Anyway, just to practice what I've learned so far I will try to answer some of your questions from the top of my head; apologies in advance for my verbosity:
First of all, let's define functional (in fact, to be strict, declarative; more on this below):
An operation (i.e. a code fragment with a clearly defined input and output) is functional if for a given input it always gives the same output, regardless of all other execution state. It behaves just like a mathematical function, hence the name.
This gives a declarative operation the following properties:
1) Independence: nothing going on in the rest of the world will ever affect it.
2) Statelessness (same as immutability): there is no observable internal state; the output is the same every single time it is invoked with the same input.
3) Determinism: the output depends exclusively on the input and is always the same for a given input.
So what is the difference between functional and declarative? Functional is just a subset of declarative = declarative - dataflow variables
These properties give a functional program the following key benefits:
1) It is easier to design, implement and test. This is because of the above properties. For instance, because the output will never vary between different invocations, each input only needs to be tested once.

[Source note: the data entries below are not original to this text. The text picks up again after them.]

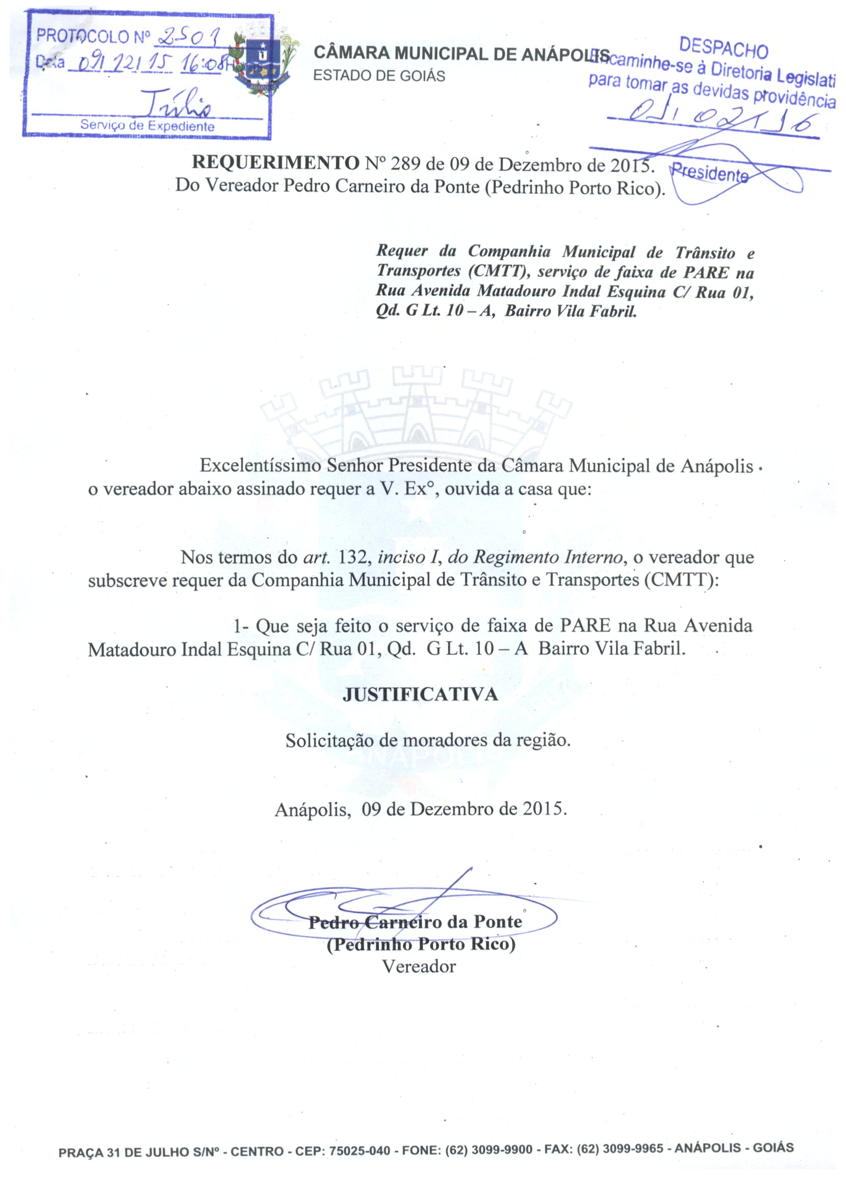 ![]() À CMTT SOLICITANDO FAIXA PARE NA AV. MATADOURO INDAL ESQUINA COM RUA 01, QD. G LT. 10 - A.
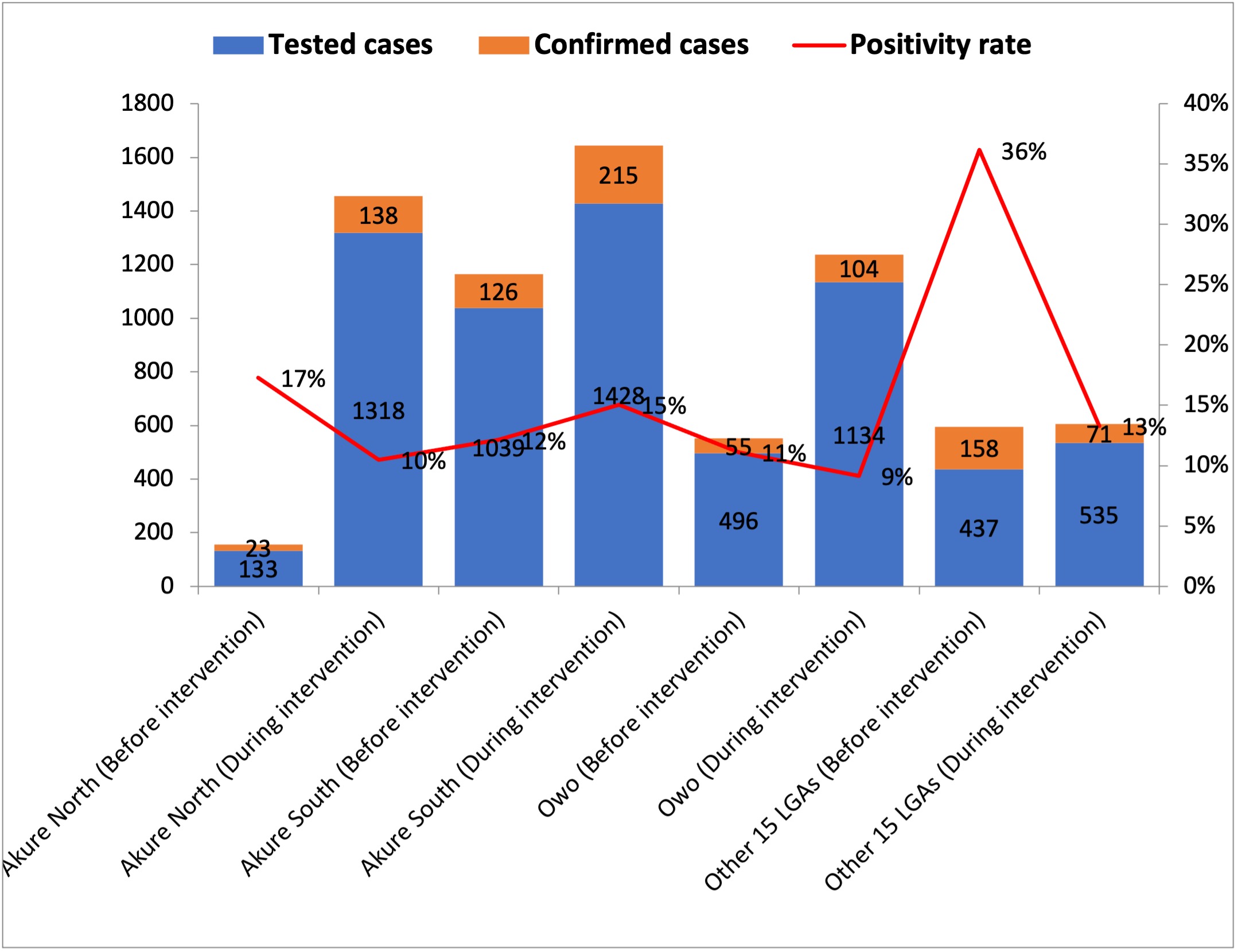 Generally, 3880 suspected cases were tested and 456 cases were confirmed for COVID-19 during 3 months of integration of sample collection into healthcare services at the facility level in the three hotspot LGAs compared to 1668 samples tested and 204 cases confirmed in three months before the intervention. Specifically, 1451 (During: 1318 vs before: 133) samples were tested in Akure North, 2467 (During:1428 vs before: 1039) in Akure South and 1630 (during 1134 vs before: 496) in Owo LGA respectively (Figure 2). There was a reduction in test positivity rate in Akure North and Owo LGAs in the period during the intervention (Akure North; 10% and Owo; 9%) compared to the period prior to intervention (Akure North; 17% and Owo; 11%)
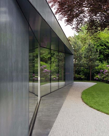 Door de verdiepingshoge glasgevel aan voor- en achterzijde is er vanuit de leefruimte een open en transparante verbinding richting voor- en achtertuin. De gevel is een semi-structurele vliesgevel blank geanodiseerd aluminium, met drievoudige beglazing en zwarte kitvoeg.
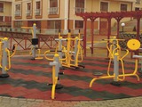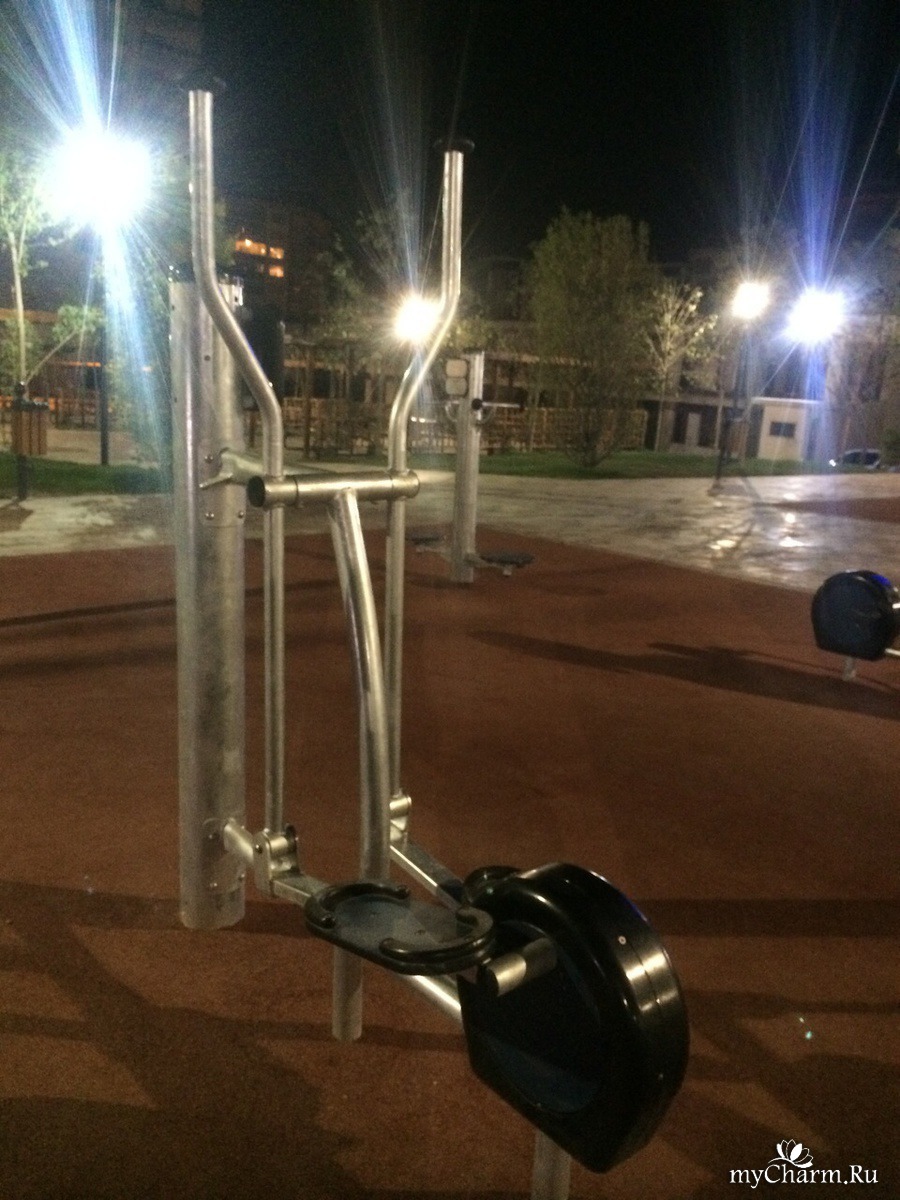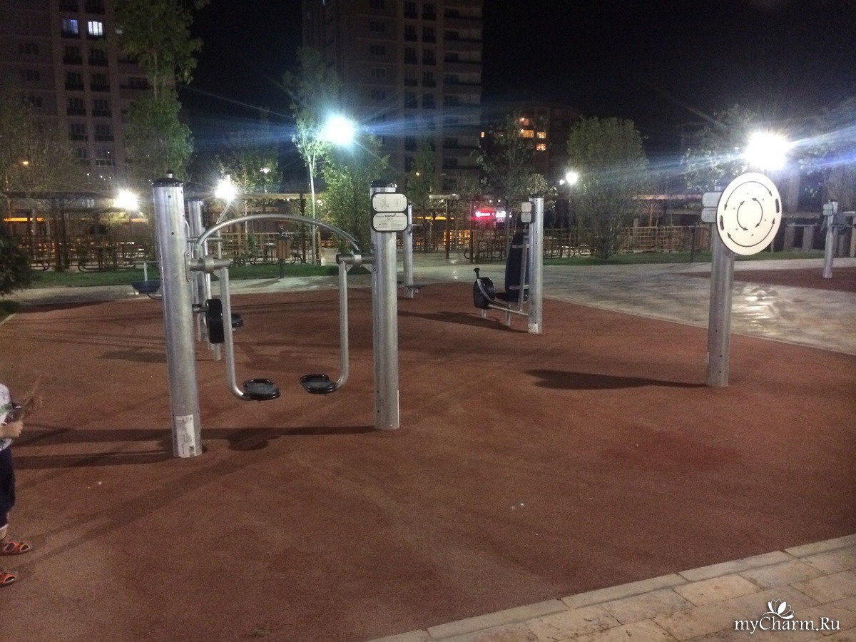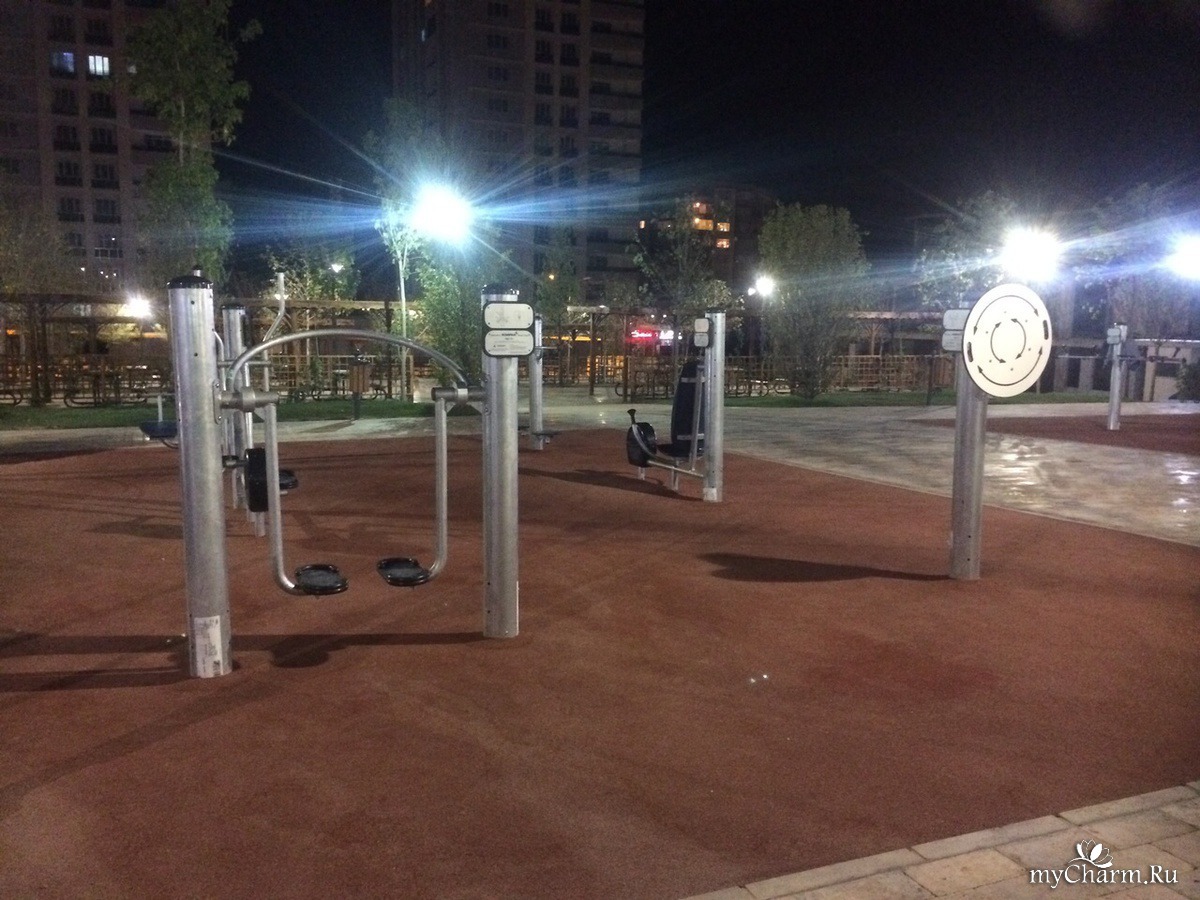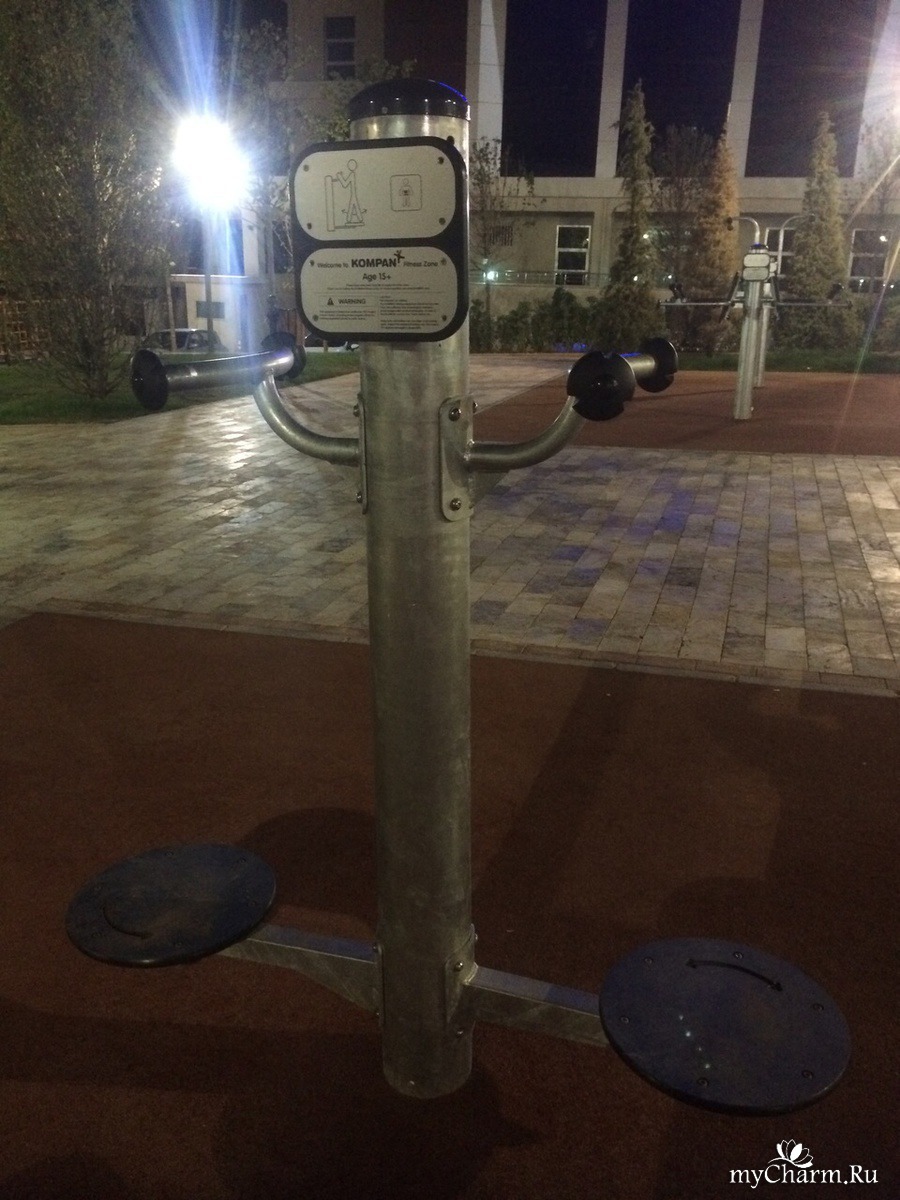 А теперь перейдём к спортивной площадке. Спортивная площадка раздлена на две части. Одна часть с турниками, скорее всего для мужчин или людей, имеющих специальную спортивную подготоку.
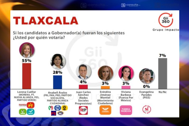Los datos de la encuesta de Grupo Impacto, colocan a la candidata de la coalición “Juntos Haremos Historia en Tlaxcala”, Lorena Cuéllar Cisneros como una inalcanzable ventaja de 27 puntos porcentuales sobre el lejano segundo lugar de la abanderada de la alianza “Unidos por Tlaxcala”, Anabell Ávalos Zempoalteca que logró tener el 28 por ciento frente al 55 por ciento de la representante morenista.
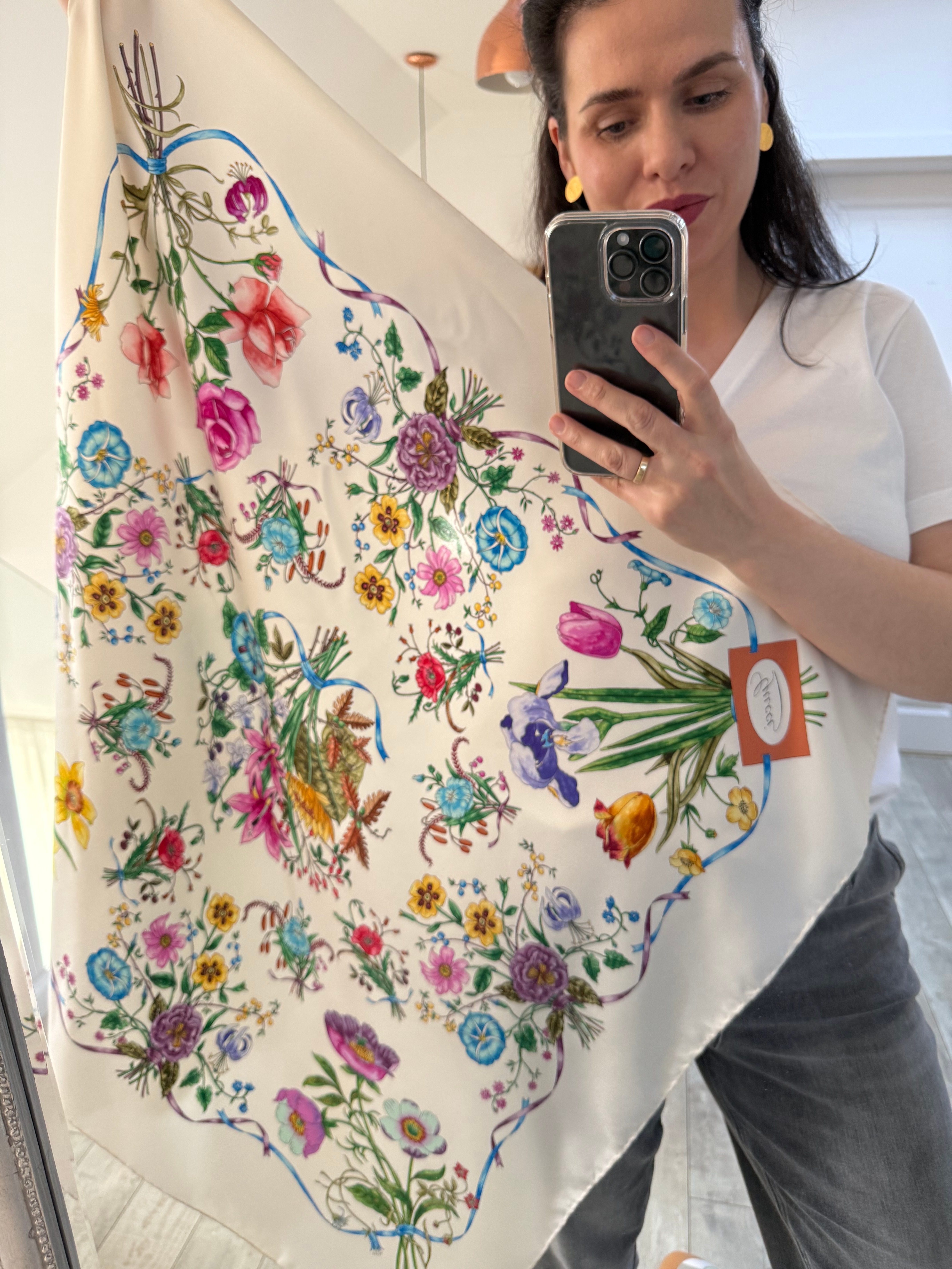 Gucci duża chusta motyw kwiatów, 100 % jedwab,XL
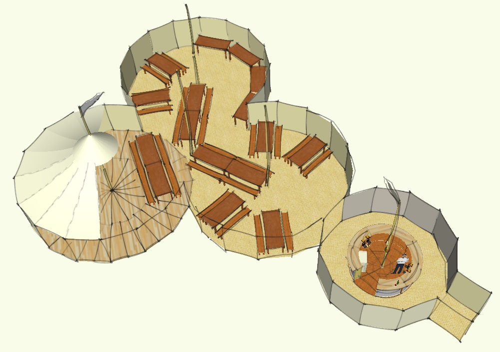 5m diameter 'lotus belle tent' furnished as a chill-out tent with loungers, pouffes and other items (ask for full list)
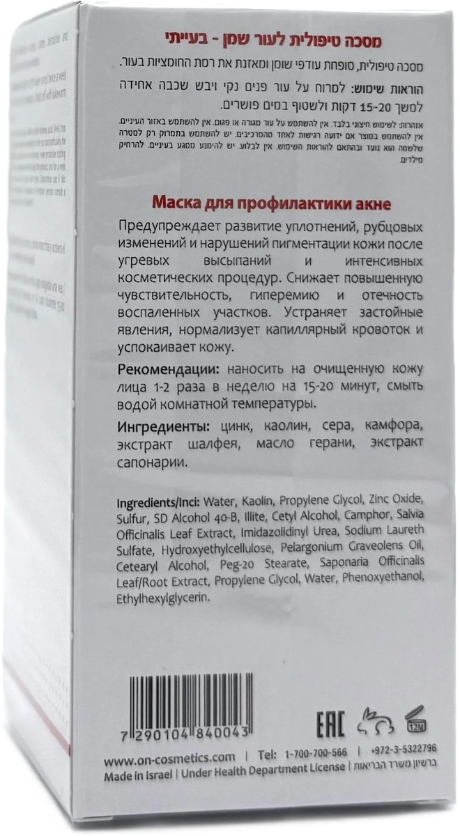 Себорегулирующая маска OnMacabim DM Acne Treatment Mask
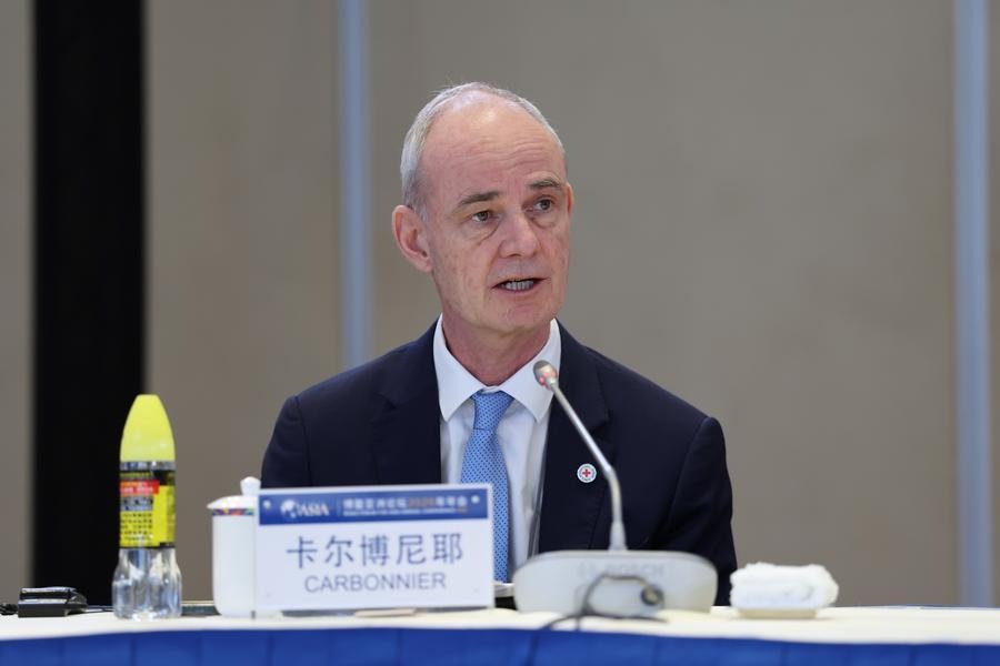 Жил Карбоние, вицепрезидент на Международния комитет на Червения кръст (МКЧК), говори на панелна дискусия на тема „Напредък на ЦУР: Действия отвъд ангажиментите“ по време на годишната конференция на форума Боао за Азия (BFA) 2026 г. в Боао, провинция Хайнан в Южен Китай, 25 март 2026 г. [Photo/Xinhua]

2) Easier to reason about (to prove correct). Algebraic reasoning (applying referential transparency for instance: if f(a)=a^2 then all occurences of f(a) can be replaced with a^2) and logical reasoning can be applied.
To further explore the practical implications of all this lets say that, given that all functional programs consist of a hierarchy of components (clearly defined program fragments connected exclusively to other components through their inputs and outputs) to understand a functional program it suffices to understand each of its components in isolation.
Basically, despite other programming models having more mindshare (but, as far as I can tell, aren't really better known, and this includes me ;), because of the above properties functional programming is fundamentally simpler than more expressive models, like OO and other models with explicit state.
Another very important point is that it is perfectly acceptable and feasible to write functional programs in non strictly functional languages like Java of C++ (although not in C, I won't explain why, it's complicated but basically the core reason has to do with how memory management is done in C).
This is because functional programming is not restricted to functional languages (where the program will be functional by definition no matter how much you mess up).
A program is functional if it is observably functional, if it behaves in the way specified above.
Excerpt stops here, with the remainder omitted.